Reads the header of a UTF sequence and returns the number of code units that make up the sequence, or 0 if the sequence is invalid.

template<typename code_unit_iterator>
auto num_code_units(code_unit_iterator it, code_unit_iterator const last, bool verify = false)
noexcept(noexcept(it == last) && noexcept(*it) && noexcept(++it))
-> std::size_t

code_unit_iterator must be at least an input iterator, and *it must return an integral type whose value has native endianness. it should refer to the first code unit that makes up the sequence, and last should be the one-past-the-end iterator for the sequence or container (e.g. std::cend(utf_string)). If verify is true, the function examines additional code units after the ones that contain the header to ensure the sequence is valid.

read_code_point

Decodes a UTF sequence to yield the original code point, and returns both an iterator to the start of the next sequence and the number of read code units if successful.

template<typename code_unit_iterator, typename code_point_t>
auto read_code_point(code_unit_iterator it, code_unit_iterator const last, code_point_t &cp)
noexcept(noexcept(num_code_units(it, last)) && noexcept(it == last) && noexcept(*it) && noexcept(++it) && std::is_nothrow_copy_constructible<code_unit_iterator>::value && noexcept(cp = *it) && noexcept(cp = {}) && noexcept(cp <<= std::size_t{}) && noexcept(cp |= unsigned_code_unit_t<code_unit_iterator>{}))
-> std::pair<code_unit_iterator, std::size_t>

code_unit_iterator must be at least an input iterator with multi-pass support, and *it must return an integral type whose value has native endianness. it should refer to the first code unit that makes up the sequence, and last should be the one-past-the-end iterator for the sequence or container (e.g. std::cend(utf_string)). cp is an output parameter for the code point to be stored in, and for obvious reasons must be large enough to contain any Unicode code point, and must be unsigned, though does not necessarily have to be a primitive type. The operations cp must support are those shown in the noexcept specification. If the sequence is invalid, the function returns the original value of it and 0, and the value of cp is undefined.
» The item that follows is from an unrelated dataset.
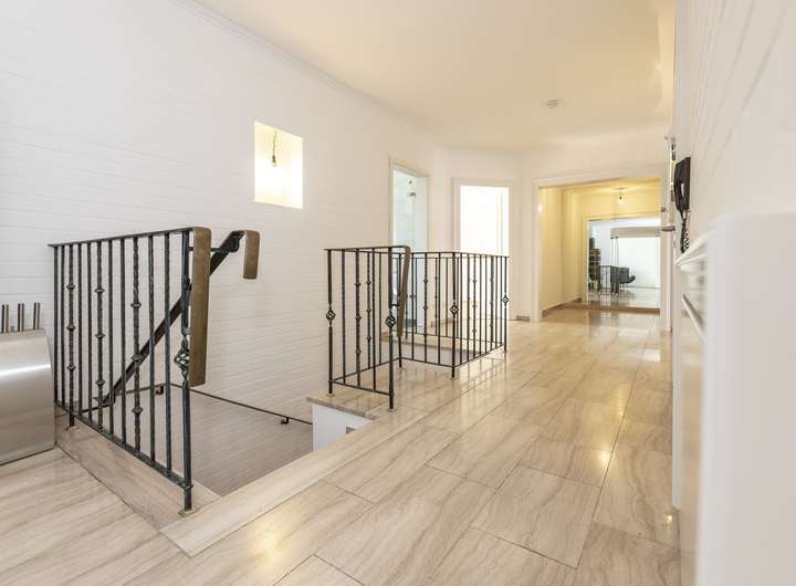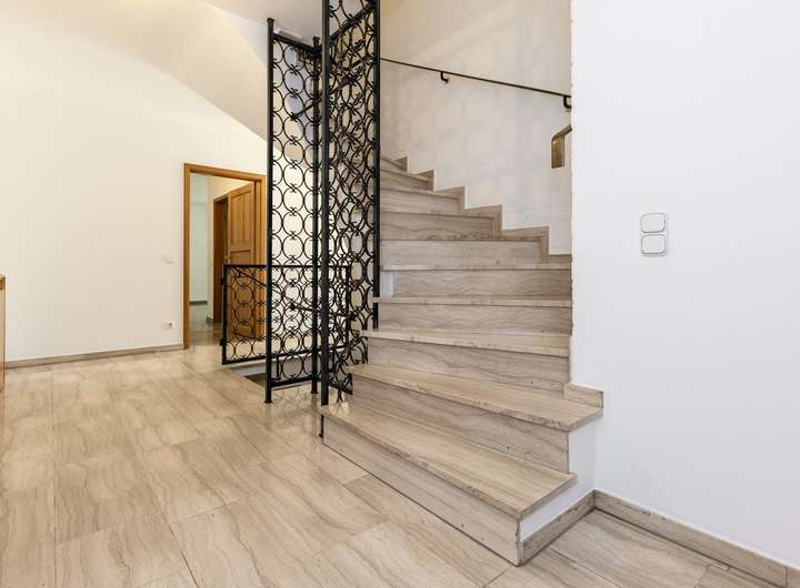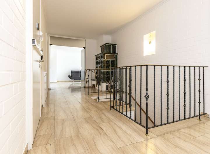 Die Fenster sind sehr hochwertig und bestehen aus Aluminium. Alle direkten Zugänge zum Haus sind zusätzlich mit Schließmechanismen gesichert. Im Gartengeschoss wurden zur gesteigerten Sicherheit geschmiedete Gitter angebracht. Die Heizung wird über Gas betrieben und die Warmwasserversorgung über eine neu eingebaute Wärmepumpe gesichert. In beiden Einheiten wurden hochwertige Böden aus Holz, Stein sowie Fliesen verlegt. Die aktuellen Eigentümer haben das Objekt vor einigen Jahren grundlegend modernisiert und seither sehr gut gepflegt.

See example/num_code_points.cpp for example usage.

min_code_units

Calculates the minimum number of code units required to store a code point.

template<typename code_unit_t, typename code_point_t>
constexpr auto min_code_units(code_point_t cp)
noexcept(noexcept(cp < std::make_unsigned_t<code_unit_t>{}) && noexcept(!(cp == 0u)) && noexcept(cp >>= std::size_t{}))
-> std::size_t

code_unit_t must be an integral type. code_point_t must be an unsigned integral type, or an unsigned-integer-like type which must support the operations shown in the noexcept specification. The return value is guaranteed to be non-zero.

encode_code_point

Encodes a code point as a UTF sequence and returns it in the form of a string.

template<typename code_unit_t, typename code_point_t>
auto encode_code_point(code_point_t cp)
-> std::basic_string<code_unit_t>

code_unit_t must be an integral type. code_point_t must be an unsigned integral type, or and unsigned-integer-like type that must support , operator==(unsigned), operator>>=(std::size_t), operator&(unsigned), must be convertible to code_unit_t, and must be able to be passed to min_code_units. This function does not have any noexcept specification because std::basic_string does not - the memory allocation could throw an exception.

See example/encode_all.cpp for example usage.